Ich bin in der Hirnforschung tätig, im Besonderen im Bereich der Schizophrenie. Eine gängige Theorie ist hierbei, dass Positivsymptome wie Wahnvorstellungen aus einer aberranten Salienz entstehen können (dass also einem random herumliegenden Stift ein höherer Sinn zugeschrieben werden muss zB, in der Art "Dieser Stift ist von Gottes Hand/ von der NWO zum Abhören/ von Ken Jebsen gegen die Coronamaßnahmen hingelegt worden").

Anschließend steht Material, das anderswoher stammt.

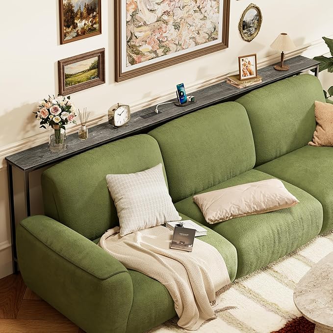 - 【Easy to Assemble & Fits Anywhere】Whether behind a sofa, in an entryway, or along a narrow wall, this couch table behind sofa is the perfect storage solution for tight spaces. Designed to leave room for wall vents and easy airflow. Comes with clear instructions, labeled parts, and tools included, you'll have this sofa table with outlet set up in no time
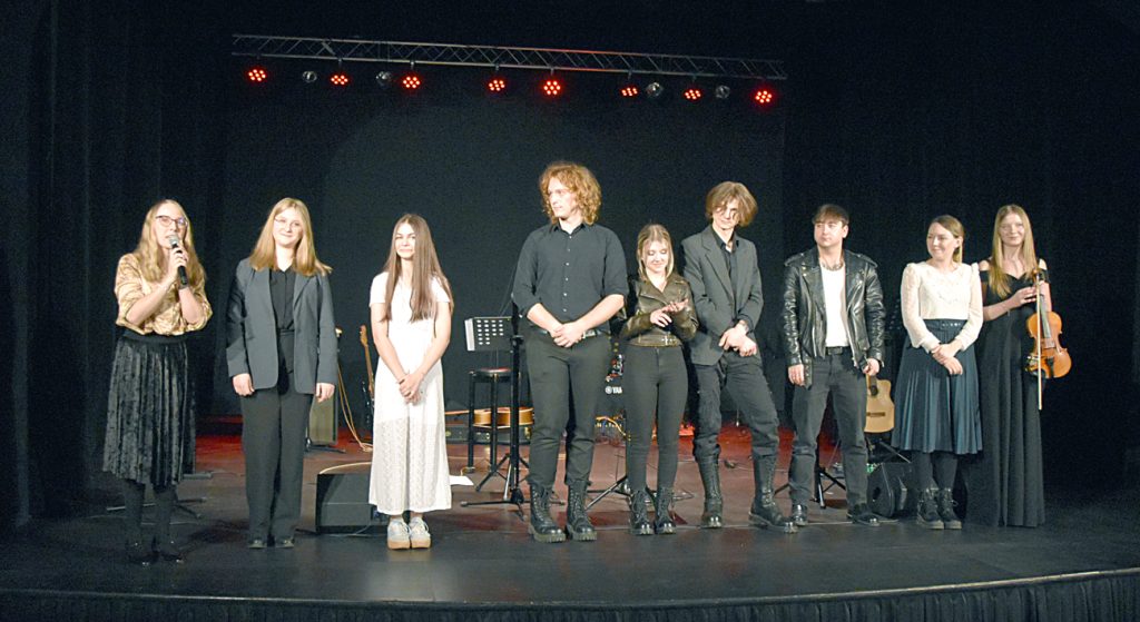 Na zdjęciu grupowym, od lewej: prowadząca wieczór Emilia Kawa (śpiew, gitara), Oliwia Porębska (wiersze), Oliwia Kawa (wiersze, śpiew), Bartek Gąsiorek, Maja Białecka (wokal), Paweł Skoczeń, Tomasz Pusz (gitara), Nikola Iwanecka (wiersze), Małgorzata Kałuża (skrzypce).

Daran musste ich oft denken; dass R.S. Begebenheiten u.Ä. ihres Kontextes beraubt und sie in ihr Gedankenmuster einbettet.

Der einzige Teil, der mir gefiel, war der Essay über Virginia Woolf (abgesehen vom esoterischen Geschwurbel, das auch an manch anderer Stelle aufblitzte), genauer: die Stellen in der sie zitiert wurde. Ich muss endlich etwas von ihr sehen.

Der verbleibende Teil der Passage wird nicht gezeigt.